**Problem description**
Print every line from the start of the data, and when you reach the line with "王贞草的儿媳妇和徒弟正在为制", include it and stop. Pictures are not part of the copy.

**Source material**
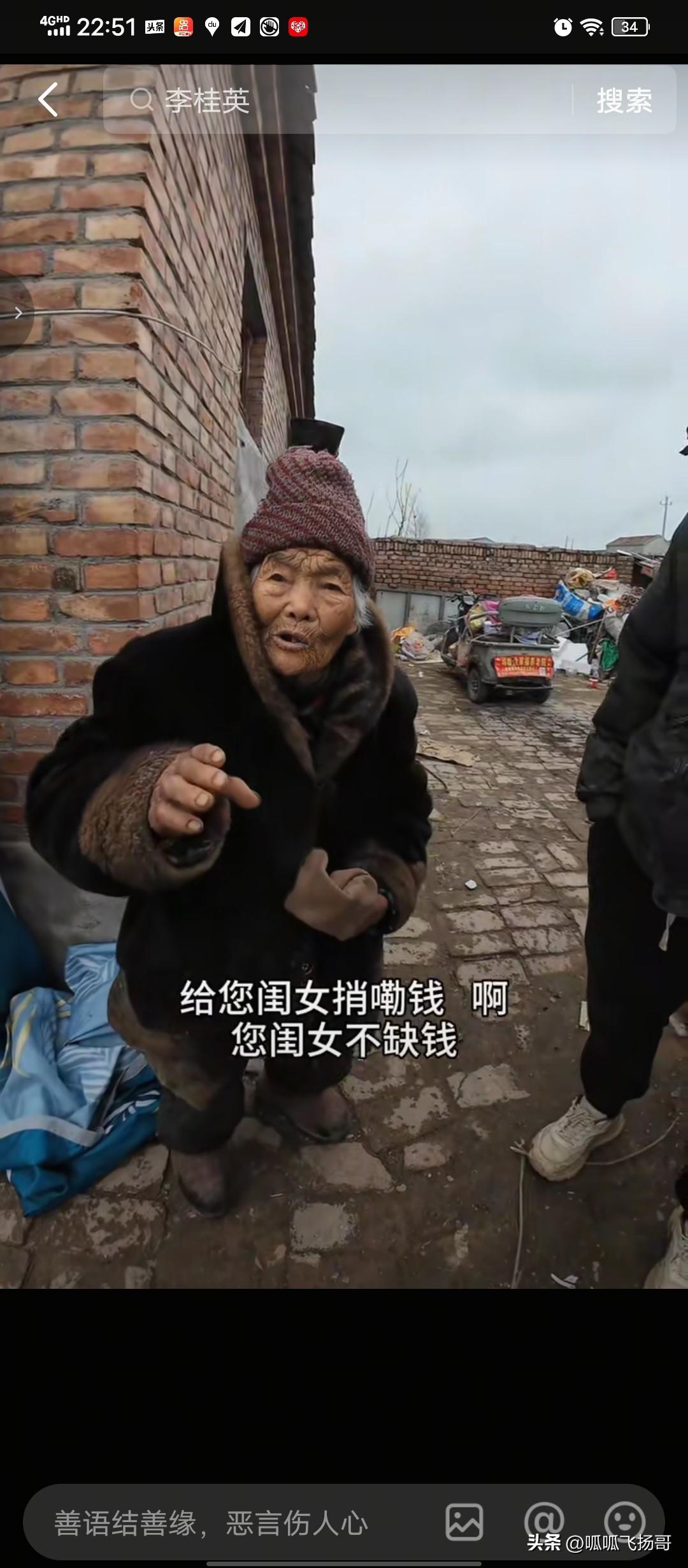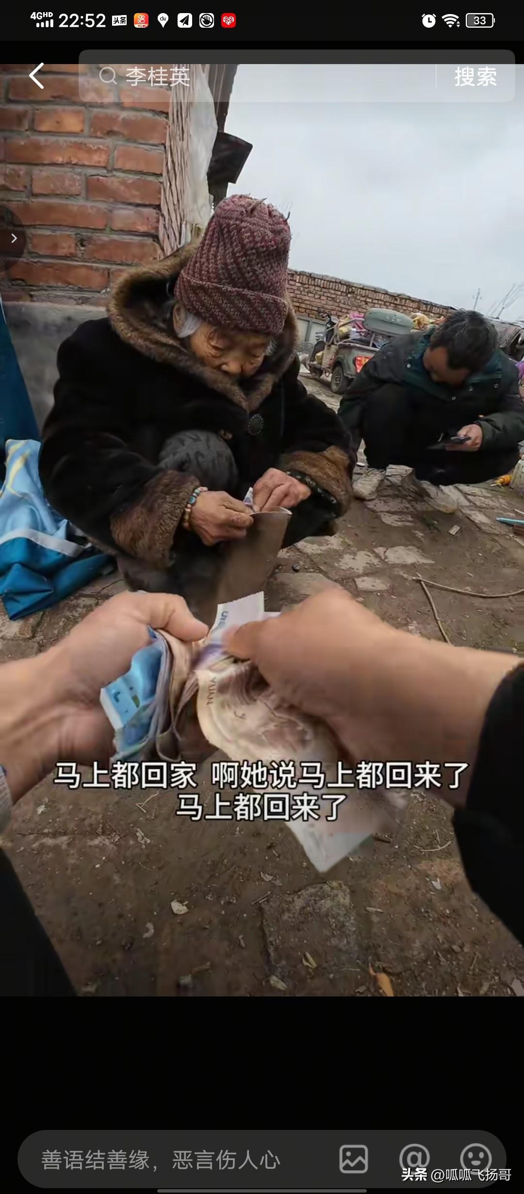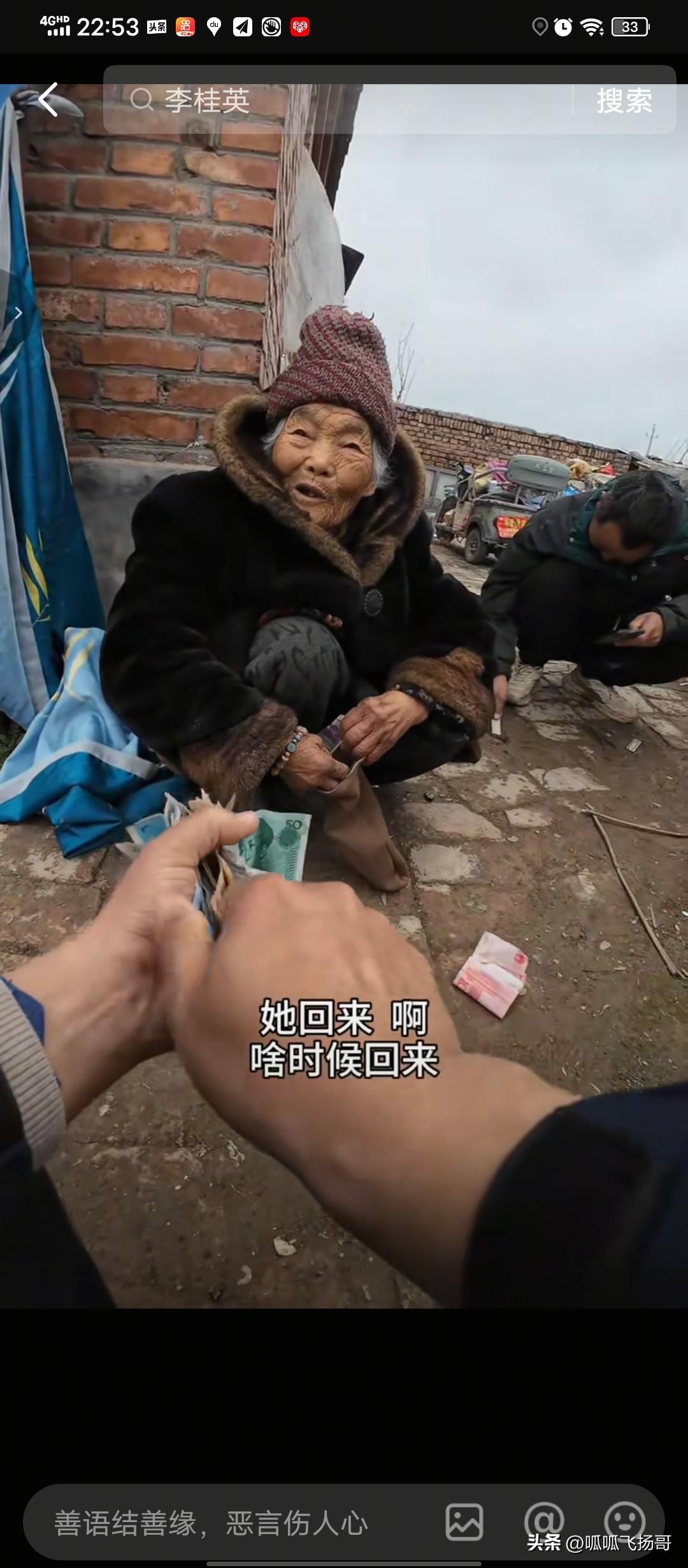 泪目! 刷到一个视频,一个跑腿来到一个87岁老人的家里, 告诉老人她的在新疆打工的女儿、女婿由于春节没回家,现在给她买了很多吃的回来孝敬老人。 有一条羊腿 ,一只烧鸡,两箱酸奶,还有两桶油,两箱面包 , 两箱砂糖橘,两箱香蕉和两箱啤酒 。 东西放置妥当 ,跑腿准备离开, 老人却叫住了他 。 随后老人从身上摸出一个布口袋,开始从外掏钱 。 跑腿说不用给钱,你女儿早就给啦, 你女儿女婿说过年没回来,买这些东西专门孝敬你的 。 老人却说 , 我这是叫你给我捎钱给女儿 。 跑腿说你女儿不缺钱,你留好就齐啦。 老人说我不知道咋给她打(钱)。 一边说老人就一边从口袋里往外掏钱 ,钱都不是大钱,没有一张红色的,都是20块10块5块的小零钱 。 但老人不听依然张一张一张的零钱叠起来 。 有个邻居在旁边说她女儿太远了,她想给女儿拿点钱去 。 老人将一叠20元10元的零钞递向跑腿:你查查, 这是100吧 。 跑腿只得接过钱 , 说:我看了,是100 。 就这样老人向跑腿递了6叠零钱。 这还没完 , 老人将剩下的几个钢镚也递给了跑腿, 口中数道:6块,7块 ,8块,9块 , 10块还差一点。 于是老人继续在她的布口袋里面掏 , 终于又凑足了100块 。 跑腿对老人说 ,总共700块 。 老人笑了,这样吧 ,就给她捎这700块 。 这700块是老人所有的积蓄 。 跑腿在电话中告诉老人的女儿说你妈妈要给你捎钱嘞,整整700块嘞,连五毛都捎过来啦 。 接着跑腿又对老人说,你女儿说要回来看你嘞 。 这钱你收好,等你女儿回来给她,你女儿说马上就要回来啦 。 这钱她回来了你到时再给她 。 老人似乎听懂了, 惊讶地两眼放光,看着跑腿问道: 她回来?啥时候回来? 跑腿赶忙说她说太快回来了,马上就回来啦。 过几天就回来了 。 这钱你收好 。 跑腿将700块钱折叠好又交给老人。 老人是否有些不信, 说你是借话说事儿, 逗我开心啊 。 很明显,老人的心里是多么希望女儿女婿马上回来看她呀 。 跑腿说的没错,当女儿听到跑腿说她妈妈要捎给她700块钱,连五毛都捎了的时候,在电话中确实说要马上回来看妈妈。 老人87岁了,她的女儿应该也不小了 , 60岁应该也有了吧 。 这对母女感情如此之好真让人羡慕 !
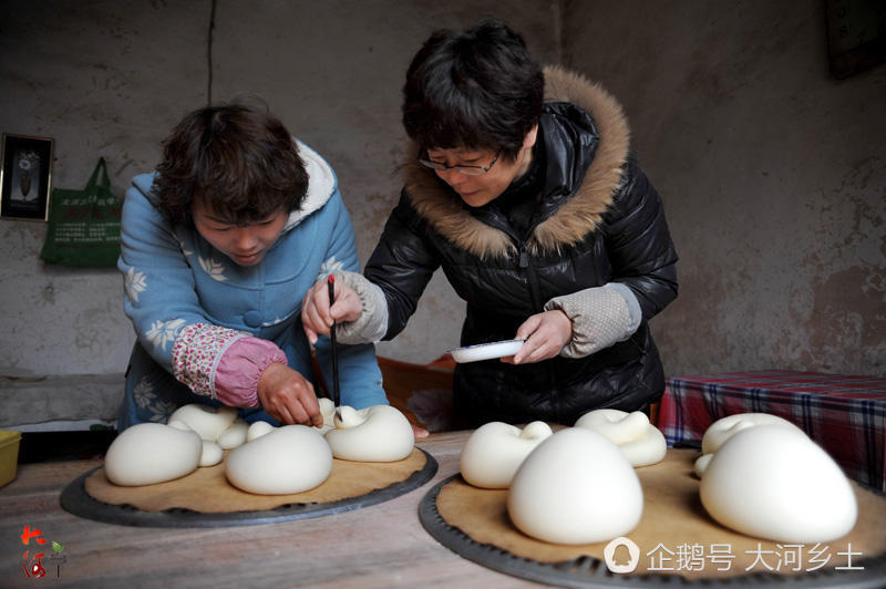 王贞草的儿媳妇和徒弟正在为制作好的花馍涂抹鸡蛋清。鸡蛋清是为了防止一些花馍造型在蒸时沾到一起。
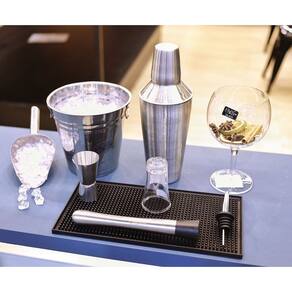 Feito de borracha resistente e durável, este tapete oferece uma superfície antiderrapante para que os utensílios do bar, como copos e garrafas, não escorreguem. Além disso, ele protege a superfície do balcão ou da mesa contra danos e arranhões causados pelos utensílios.

**Result for this exercise**
 泪目! 刷到一个视频,一个跑腿来到一个87岁老人的家里, 告诉老人她的在新疆打工的女儿、女婿由于春节没回家,现在给她买了很多吃的回来孝敬老人。 有一条羊腿 ,一只烧鸡,两箱酸奶,还有两桶油,两箱面包 , 两箱砂糖橘,两箱香蕉和两箱啤酒 。 东西放置妥当 ,跑腿准备离开, 老人却叫住了他 。 随后老人从身上摸出一个布口袋,开始从外掏钱 。 跑腿说不用给钱,你女儿早就给啦, 你女儿女婿说过年没回来,买这些东西专门孝敬你的 。 老人却说 , 我这是叫你给我捎钱给女儿 。 跑腿说你女儿不缺钱,你留好就齐啦。 老人说我不知道咋给她打(钱)。 一边说老人就一边从口袋里往外掏钱 ,钱都不是大钱,没有一张红色的,都是20块10块5块的小零钱 。 但老人不听依然张一张一张的零钱叠起来 。 有个邻居在旁边说她女儿太远了,她想给女儿拿点钱去 。 老人将一叠20元10元的零钞递向跑腿:你查查, 这是100吧 。 跑腿只得接过钱 , 说:我看了,是100 。 就这样老人向跑腿递了6叠零钱。 这还没完 , 老人将剩下的几个钢镚也递给了跑腿, 口中数道:6块,7块 ,8块,9块 , 10块还差一点。 于是老人继续在她的布口袋里面掏 , 终于又凑足了100块 。 跑腿对老人说 ,总共700块 。 老人笑了,这样吧 ,就给她捎这700块 。 这700块是老人所有的积蓄 。 跑腿在电话中告诉老人的女儿说你妈妈要给你捎钱嘞,整整700块嘞,连五毛都捎过来啦 。 接着跑腿又对老人说,你女儿说要回来看你嘞 。 这钱你收好,等你女儿回来给她,你女儿说马上就要回来啦 。 这钱她回来了你到时再给她 。 老人似乎听懂了, 惊讶地两眼放光,看着跑腿问道: 她回来?啥时候回来? 跑腿赶忙说她说太快回来了,马上就回来啦。 过几天就回来了 。 这钱你收好 。 跑腿将700块钱折叠好又交给老人。 老人是否有些不信, 说你是借话说事儿, 逗我开心啊 。 很明显,老人的心里是多么希望女儿女婿马上回来看她呀 。 跑腿说的没错,当女儿听到跑腿说她妈妈要捎给她700块钱,连五毛都捎了的时候,在电话中确实说要马上回来看妈妈。 老人87岁了,她的女儿应该也不小了 , 60岁应该也有了吧 。 这对母女感情如此之好真让人羡慕 !
 王贞草的儿媳妇和徒弟正在为制作好的花馍涂抹鸡蛋清。鸡蛋清是为了防止一些花馍造型在蒸时沾到一起。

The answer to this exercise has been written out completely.